I'm working on this problem from section 4.2 of Hatcher's Algebraic Topology:
Show that if $S^k\to S^m\to S^n$ is a fiber bundle then $k=n-1$ and $m=2n-1$.
By counting dimensions, we have $m=n+k$, and if I assume that $k<n$ the problem is not too difficult. But, this assumption on $k$ is not stated in the problem.

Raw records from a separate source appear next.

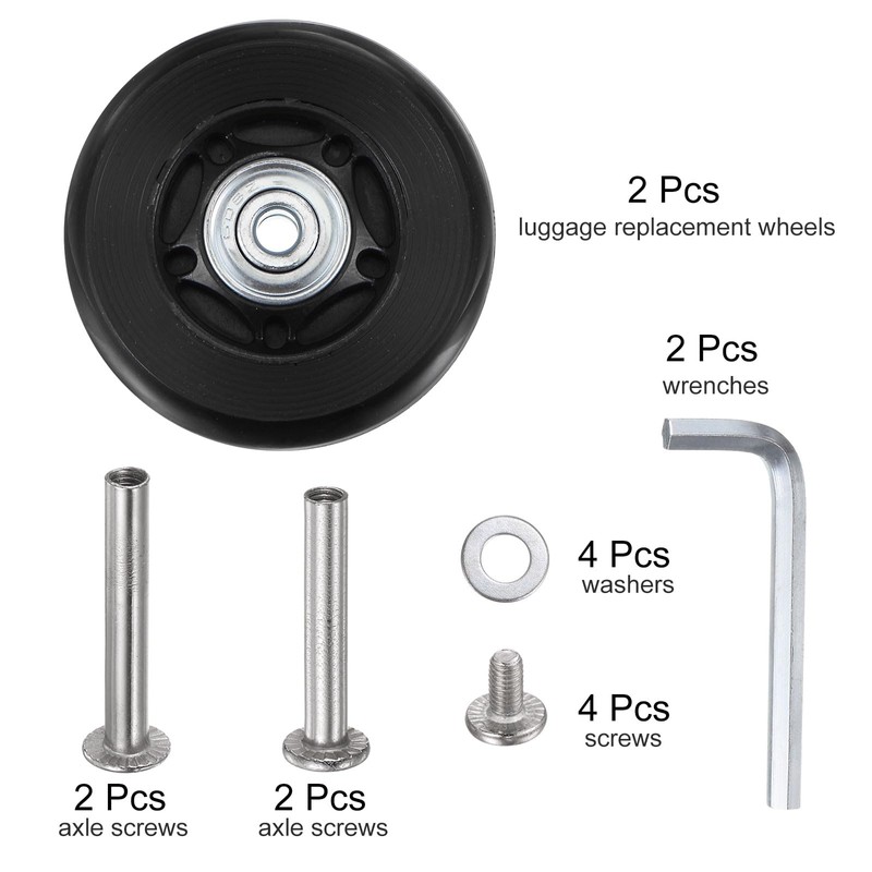 - Luggage Suitcase Replacement Wheels Set: You will get 2 luggage replacement wheels, 2 wrenches, 4 axle screws, 4 screws, and 4 washers, a full set means you have everything you need for a successful wheel replacement.
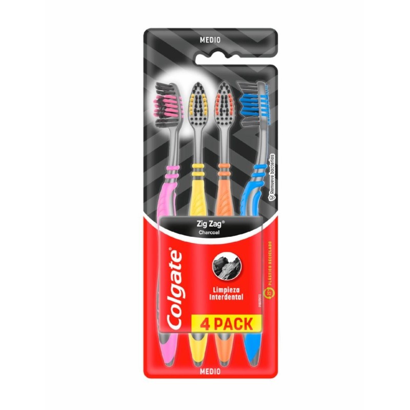 - Cepillo Zig Zag x4 con cerdas con infusión de carbón que eliminan la placa bacteriana en la superficie del diente.
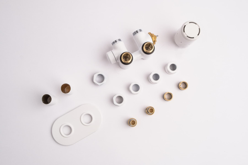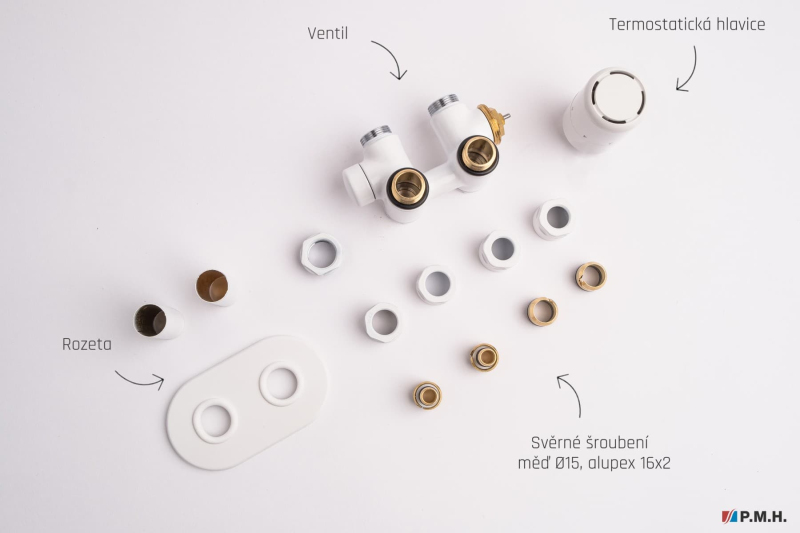 Sada pro kombinované vytápění v bílé lesklé barvě. Sada je pro tzv. středové připojení (50mm). Sada je vč. ovládací hlavice a krytek na trubky a otvoru ve zdi. Připojení je možné na měděné i plastové trubky.

Is there a clean way to show that $k<n$?
Suppose $k > 0$.
The long exact sequence in homotopy gives
$$\dots \to \pi_n(S^{n+k}) \to \pi_n(S^n) \to \pi_{n-1}(S^k) \to \pi_{n-1}(S^{n+k}) \to \dots$$
As $n < n + k$, $\pi_n(S^{n+k}) = 0$ and $\pi_{n-1}(S^{n+k}) = 0$, so $\pi_n(S^n) \cong \pi_{n-1}(S^k)$. We know $\pi_n(S^n) \cong \mathbb{Z}$, so $\pi_{n-1}(S^k) \cong \mathbb{Z}$ and hence $n - 1 \geq k$, i.e. $n > k$.
For $k = 0$, the only fiber bundle (or even fibration) is $S^0 \to S^1 \to S^1$ - see this question. In this case we also have $k = n -1$ and $m = 2n-1$.